The spec is the right place because _channel resolution semantics_, _the deployment state vocabulary_, _the promotion gate composition_, and above all _the channel×replay-determinism contract_ are cross-host interop concerns — a workflow authored against @stable on one host must mean the same thing on another, and a replayed run must be deterministic regardless of channel movement. The _deployment store_ (where records live, the canary router) stays a host implementation choice; this RFC fixes the binding grammar, the state machine, the audit events, the gate composition, and the replay pin — additively.
Proposal
§A — Binding grammar: agentId@version / agentId@channel / agentId@latest
AgentRef (RFC 0002) keeps its exact version pin unchanged. This RFC adds an alternative, mutually-exclusive optional channel field (and the same on the WorkflowNode.agent binding): a reference resolves a concrete version by exactly one of version (exact), channel (a named deployment channel, e.g. "stable" / "canary"), or @latest (the reserved channel = highest active version). A reference with neither is the RFC 0070 default (host resolves the installed version). version and channel set together is a 400 validation_error.

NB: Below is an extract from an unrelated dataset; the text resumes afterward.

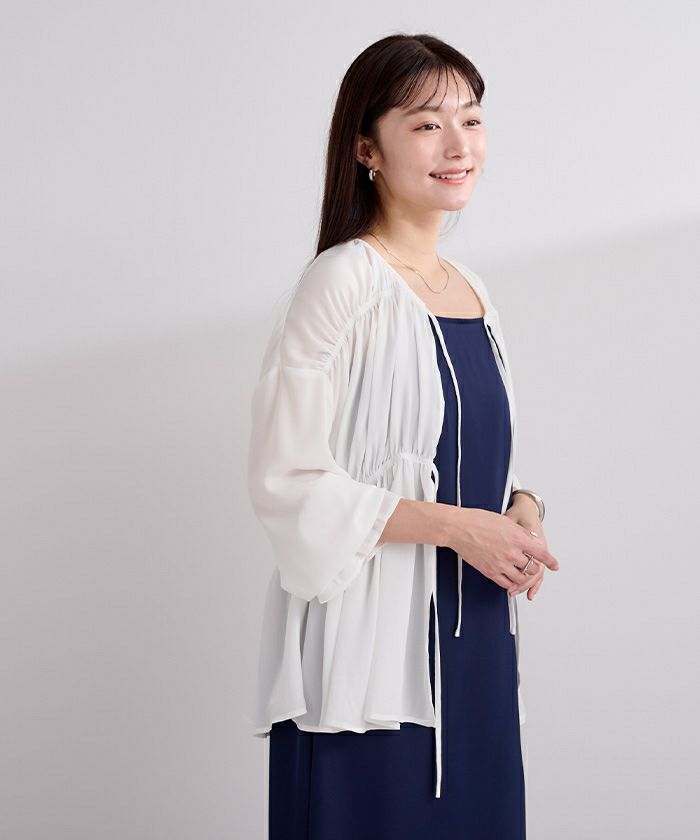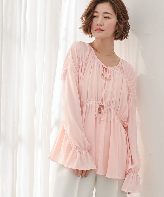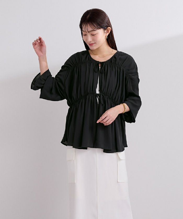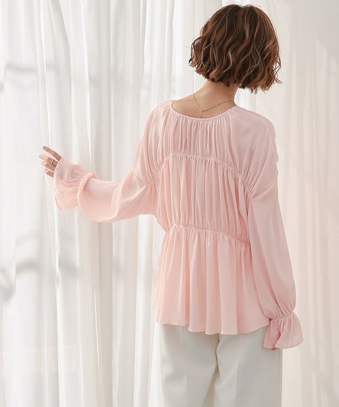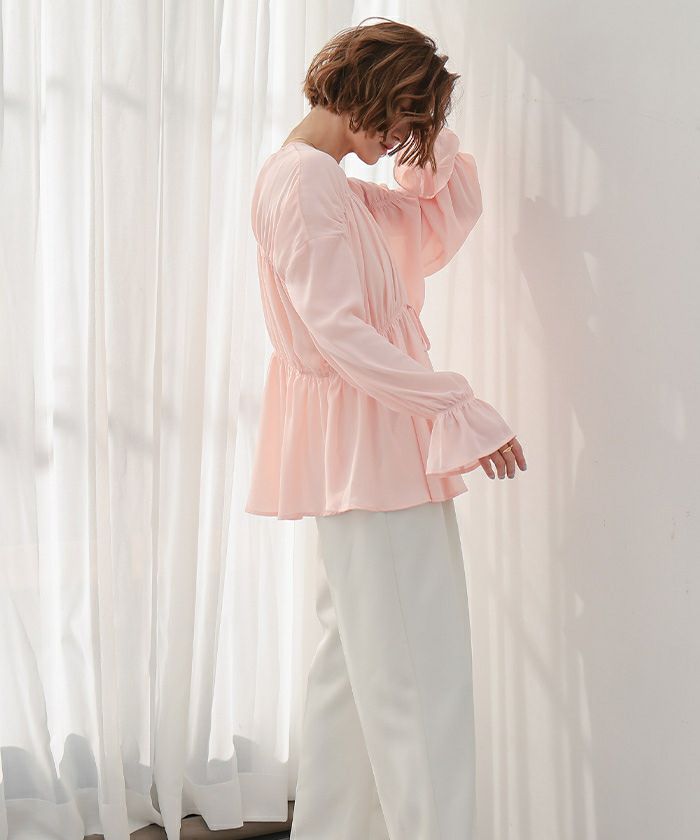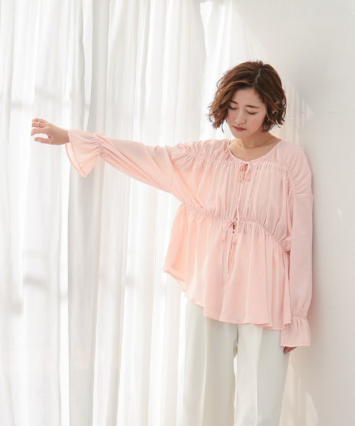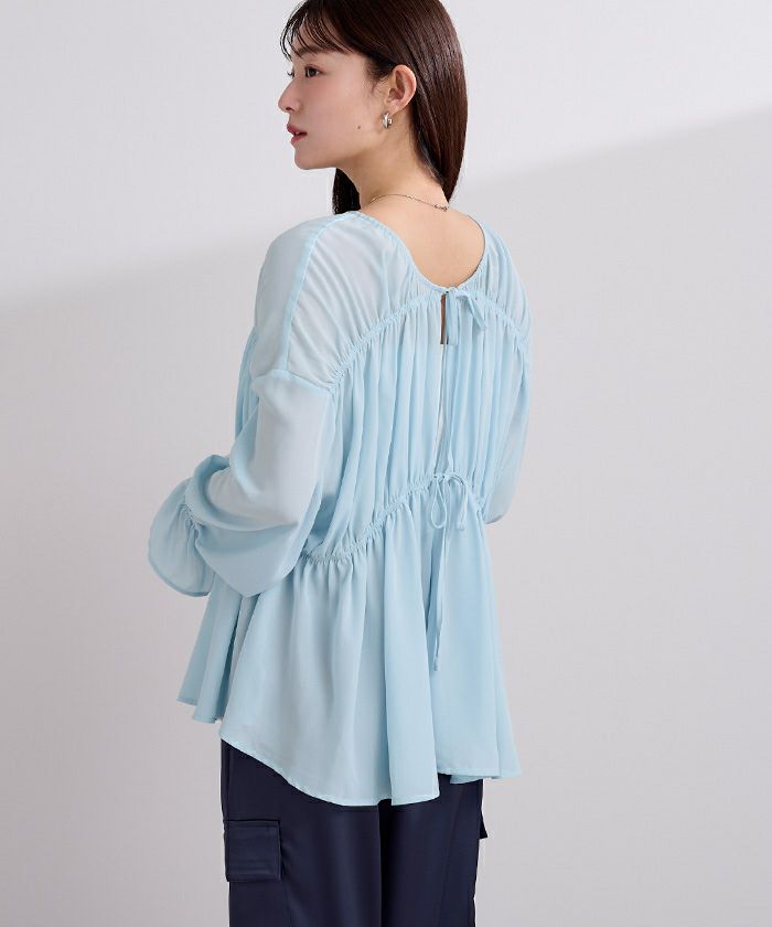 ギャザーをたっぷりと寄せた、ふんわりとしたシルエットのシアーブラウス。

"agent": { "agentId": "core.openwop.agents.support-resolver", "channel": "stable" } // resolves at run-start
"agent": { "agentId": "…support-resolver", "version": "2.3.1" } // exact, unchanged
§B — Channel resolution + replay determinism (the load-bearing contract; version-negotiation.md)

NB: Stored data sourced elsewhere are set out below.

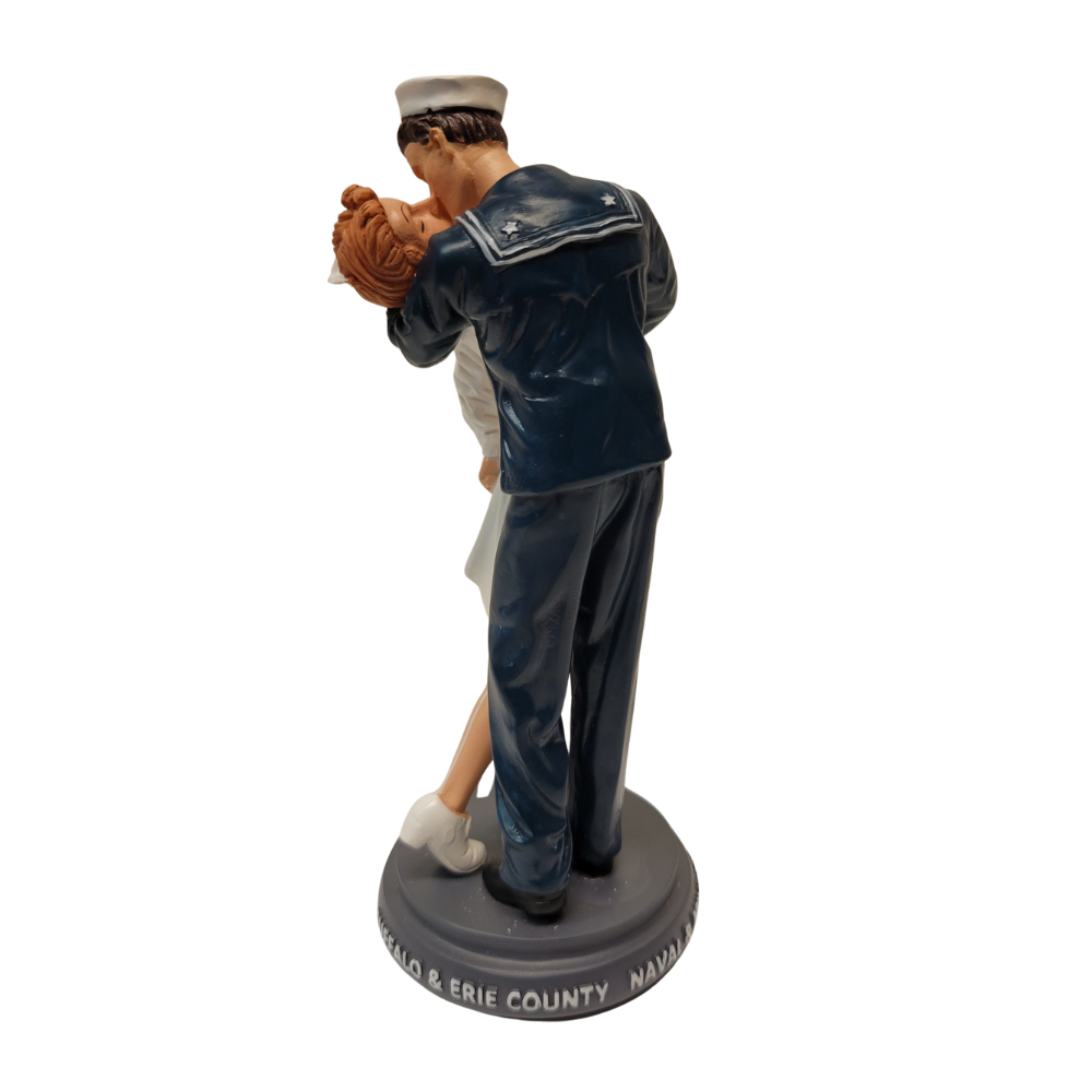 This is an exclusive collectible that you can only get here! The War is over! This is a 6 inch resin statue designed from the iconic photograph of the spontaneous kiss. The photograph was taken on August 14, 1945, in Times Square after news broke that Japan had surrendered. World War II was over! “The Kissing Sailor”, George Mendonsa, served on Buffalo Naval Park’s very own USS The Sullivans DD-537.
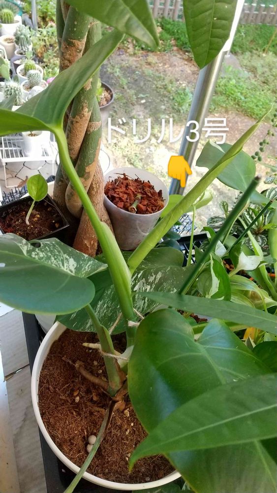 斑入りモンステラのドリル3号発見🧐昨日は真っ直ぐだったのに今朝は斜めに傾いてた
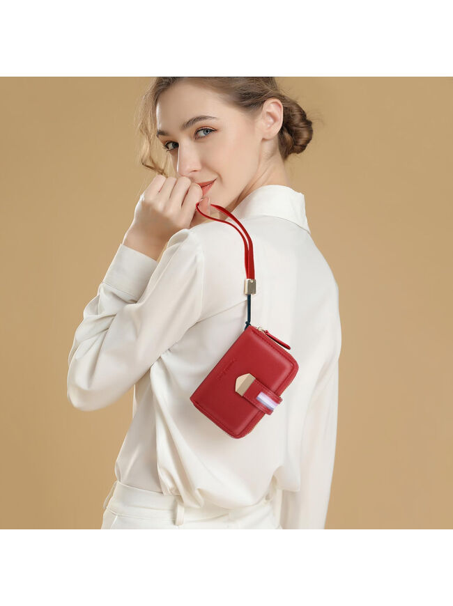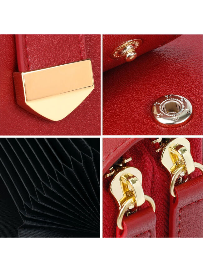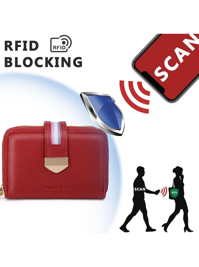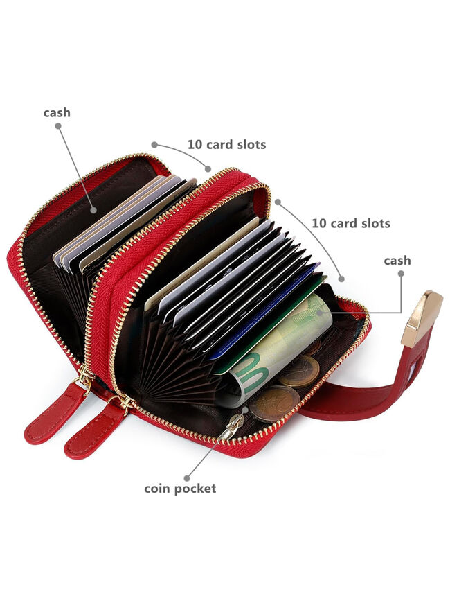 Pomelo Best Red RFID Ladies Wallet: Double Zipper Card Case for 24 Cards & Coins
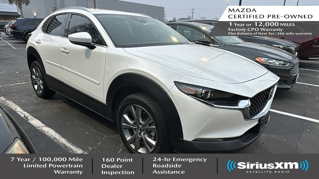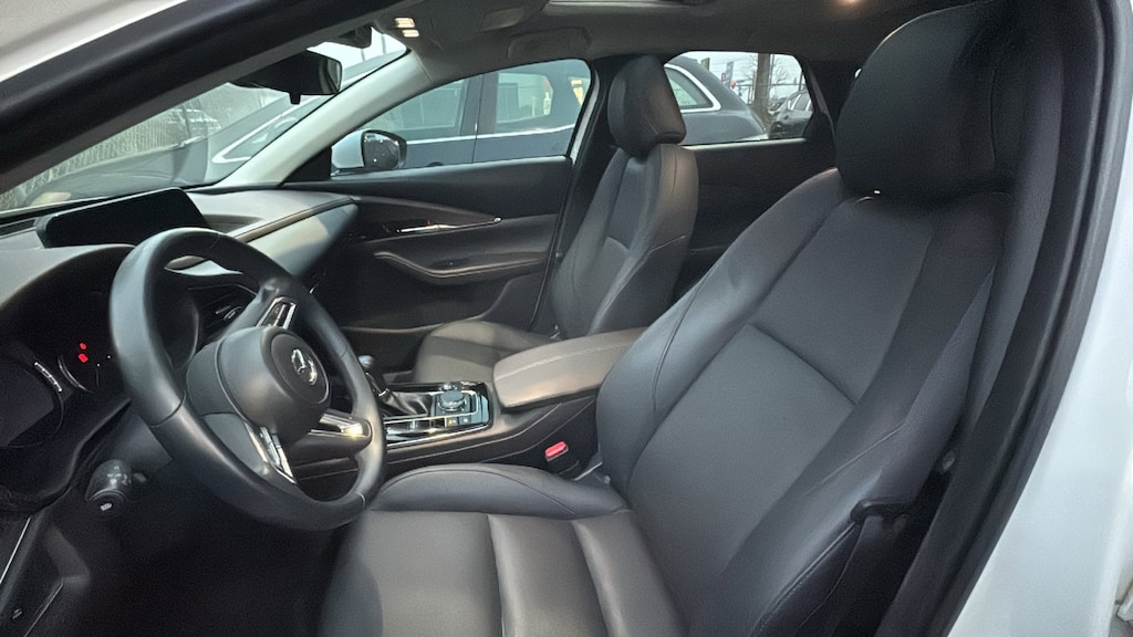 North Park Mazda is pumped up to offer this good-looking 2023 Mazda CX-30 2.5 S Premium Package. Well equipped with 4-Wheel Disc Brakes, 4.095 Axle Ratio, 8 Speakers, ABS brakes, Air Conditioning, Alloy wheels, AppLink/Apple CarPlay and Android Auto, Auto High-beam Headlights, Automatic temperature control, Brake assist, Bumpers: body-color, Compass, Delay-off headlights, Driver door bin, Driver vanity mirror, Dual front impact airbags, Dual front side impact airbags, Electronic Stability Control, Emergency communication system: Mazda Connected Services (3-year complimentary trial included), Exterior Parking Camera Rear, Front anti-roll bar, Front Bucket Seats, Front Center Armrest, Front dual zone A/C, Front reading lights, Front wheel independent suspension, Fully automatic headlights, Heads-Up Display, Heated Front Bucket Seats, Heated front seats, Illuminated entry, Knee airbag, Leather Seat Trim, Leather Shift Knob, Leather steering wheel, Low tire pressure warning, MAZDA CONNECT Infotainment System, Memory seat, Navigation system: MAZDA CONNECT, Occupant sensing airbag, Outside temperature display, Overhead airbag, Overhead console, Panic alarm, Passenger door bin, Passenger vanity mirror, Power door mirrors, Power driver seat, Power Liftgate, Power moonroof, Power steering, Power windows, Radio data system, Radio: AM/FM/HD Audio System w/Mazda Navigation, Rain sensing wipers, Rear seat center armrest, Rear side impact airbag, Rear window defroster, Rear window wiper, Remote keyless entry, Snowflake White Pearl Mica Paint, Speed control, Speed-sensing steering, Split folding rear seat, Spoiler, Steering wheel mounted audio controls, Tachometer, Telescoping steering wheel, Tilt steering wheel, Traction control, Trip computer, Turn signal indicator mirrors, Variably intermittent wipers, and Wheels: 18" x 7J Aluminum Alloy.

When a run binds agentId@channel (or @latest), the host MUST resolve the channel to a concrete version at run.started, record the resolved version as a recorded fact, and use that pinned version for the entire run — including every replay and fork. A replay/fork MUST re-read the recorded resolved version and MUST NOT re-resolve the channel (which may have moved). This is the ctx.getVersion / version.pinned model (version-negotiation.md §"Pinned change versions") applied to deployment channels, and the RFC 0077 invocationId recorded-fact posture (replay.md §"Recorded-fact events"). The resolved version is carried on the agent.invocation.started payload (RFC 0077, an additive optional resolvedAgentVersion / resolvedChannel) so it is observable without a separate event. A channel that resolves to no active version at run-start fails the run at create with 400 validation_error (no_active_deployment) — fail-closed, never silently falling back to an arbitrary version.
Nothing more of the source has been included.